The tax authorities therefore devised three legal theories in support of its decision to assign the trading companies’ tax liabilities to Yukos:

  1. Yukos was the ‘actual owner’ of the trading companies’ assets;
  2. The trading companies’ transactions were fictitious transactions; and
  3. The entire complex of tax reduction mechanisms had been devised in bad faith.

None of these theories as applied by the tax authorities had any legal precedent. As far as is known by Yukos, none has been applied in equivalent circumstances to another tax payer.

Yukos’ objections ignored – and two days to pay

In January 2004, Yukos filed a detailed thirty-page objection to the tax reassessment with the tax authorities. This was, however, simply ignored – an early example of the countless times that, over the course of the Yukos legal proceedings in Russia, judicial due process and the rule of law was set aside.

(It is worth noting that, even at this initial stage, international agencies were expressing concern over the lack of transparency and fairness in the Yukos tax proceedings. The OECD’s Annual Economic Survey of Russia, for example, noted in 2004 that the Yukos cases amount to "highly selective law enforcement" reflecting "judicial subservience to the executive, as well as the high degree of politicisation of the security services, prosecutors and police").

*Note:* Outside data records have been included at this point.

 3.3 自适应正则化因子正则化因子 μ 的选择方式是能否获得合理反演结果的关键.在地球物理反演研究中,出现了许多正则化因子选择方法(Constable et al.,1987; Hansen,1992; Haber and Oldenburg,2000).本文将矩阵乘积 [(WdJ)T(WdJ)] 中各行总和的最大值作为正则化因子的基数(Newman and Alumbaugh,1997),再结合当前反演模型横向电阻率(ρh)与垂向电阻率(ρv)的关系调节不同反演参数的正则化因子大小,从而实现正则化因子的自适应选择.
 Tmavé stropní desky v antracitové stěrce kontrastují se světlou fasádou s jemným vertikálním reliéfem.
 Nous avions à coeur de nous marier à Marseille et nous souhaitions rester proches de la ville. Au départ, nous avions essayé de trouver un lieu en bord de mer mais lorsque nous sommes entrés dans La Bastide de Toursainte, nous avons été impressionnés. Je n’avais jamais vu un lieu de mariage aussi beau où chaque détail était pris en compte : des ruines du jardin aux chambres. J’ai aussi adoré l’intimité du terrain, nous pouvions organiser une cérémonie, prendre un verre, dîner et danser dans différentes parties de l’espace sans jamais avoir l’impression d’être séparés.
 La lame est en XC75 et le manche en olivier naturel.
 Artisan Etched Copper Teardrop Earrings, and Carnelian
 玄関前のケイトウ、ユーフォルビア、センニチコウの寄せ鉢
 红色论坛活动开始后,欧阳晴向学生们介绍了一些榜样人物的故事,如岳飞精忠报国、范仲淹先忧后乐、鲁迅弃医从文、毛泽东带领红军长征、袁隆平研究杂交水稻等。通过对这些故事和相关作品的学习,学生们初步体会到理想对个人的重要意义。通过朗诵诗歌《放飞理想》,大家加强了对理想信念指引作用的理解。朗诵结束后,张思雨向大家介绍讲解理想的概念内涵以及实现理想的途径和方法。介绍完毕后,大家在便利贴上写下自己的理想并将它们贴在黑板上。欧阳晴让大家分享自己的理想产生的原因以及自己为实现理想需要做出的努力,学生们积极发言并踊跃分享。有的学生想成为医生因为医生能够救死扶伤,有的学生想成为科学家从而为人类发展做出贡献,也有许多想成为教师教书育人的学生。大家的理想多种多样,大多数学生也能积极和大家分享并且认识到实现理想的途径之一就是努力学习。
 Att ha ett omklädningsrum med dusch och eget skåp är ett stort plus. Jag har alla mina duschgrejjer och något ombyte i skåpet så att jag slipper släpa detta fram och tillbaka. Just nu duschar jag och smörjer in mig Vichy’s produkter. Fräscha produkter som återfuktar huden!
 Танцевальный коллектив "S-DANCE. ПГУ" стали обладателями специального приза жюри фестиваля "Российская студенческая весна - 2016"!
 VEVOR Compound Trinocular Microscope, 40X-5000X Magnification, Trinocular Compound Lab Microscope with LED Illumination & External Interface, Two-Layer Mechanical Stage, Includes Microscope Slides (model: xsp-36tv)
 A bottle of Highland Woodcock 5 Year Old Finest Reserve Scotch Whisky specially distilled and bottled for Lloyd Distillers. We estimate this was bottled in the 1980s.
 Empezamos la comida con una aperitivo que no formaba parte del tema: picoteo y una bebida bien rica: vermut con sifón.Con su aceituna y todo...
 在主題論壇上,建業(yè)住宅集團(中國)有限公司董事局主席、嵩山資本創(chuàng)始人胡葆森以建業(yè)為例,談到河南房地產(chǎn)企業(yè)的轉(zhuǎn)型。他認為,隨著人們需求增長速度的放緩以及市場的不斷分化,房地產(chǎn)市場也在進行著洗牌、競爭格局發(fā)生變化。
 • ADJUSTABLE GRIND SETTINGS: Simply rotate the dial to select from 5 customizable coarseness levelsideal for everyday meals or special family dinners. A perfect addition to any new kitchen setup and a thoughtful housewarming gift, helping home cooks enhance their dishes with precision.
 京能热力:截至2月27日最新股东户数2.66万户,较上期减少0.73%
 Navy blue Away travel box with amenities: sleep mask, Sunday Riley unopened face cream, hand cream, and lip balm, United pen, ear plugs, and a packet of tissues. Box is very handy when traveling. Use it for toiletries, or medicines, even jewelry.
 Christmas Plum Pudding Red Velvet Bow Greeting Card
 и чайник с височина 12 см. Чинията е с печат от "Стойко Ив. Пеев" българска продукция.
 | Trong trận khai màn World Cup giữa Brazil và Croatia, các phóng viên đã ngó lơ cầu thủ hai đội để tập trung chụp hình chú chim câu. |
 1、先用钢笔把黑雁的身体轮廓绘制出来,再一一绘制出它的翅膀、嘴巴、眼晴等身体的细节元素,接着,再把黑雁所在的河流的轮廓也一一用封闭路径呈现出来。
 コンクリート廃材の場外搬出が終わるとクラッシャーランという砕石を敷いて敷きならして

Matters came to a head when, on 14 April 2004, the Russian authorities served the tax re-assessment for 2000 on Yukos. This stated that the company only had until 16 April – that is, just two days – to pay the amount allegedly due in full. The timeframe was notable not only for its brevity, but also for its subtext.  The 14th was in fact a company-wide holiday, celebrating the anniversary of the founding of Yukos.

Despite the vast amounts in question, and the extraordinarily short time allowed to pay, the tax authorities did not even allow this short time to pass. Instead, they claimed it was unnecessary to wait until the end of the ‘grace period’ if there was evidence that the dispute between the tax authority and the taxpayer was insoluble. They accordingly sought an injunction to freeze all of Yukos’ assets, and started the enforcement and de facto expropriation process immediately.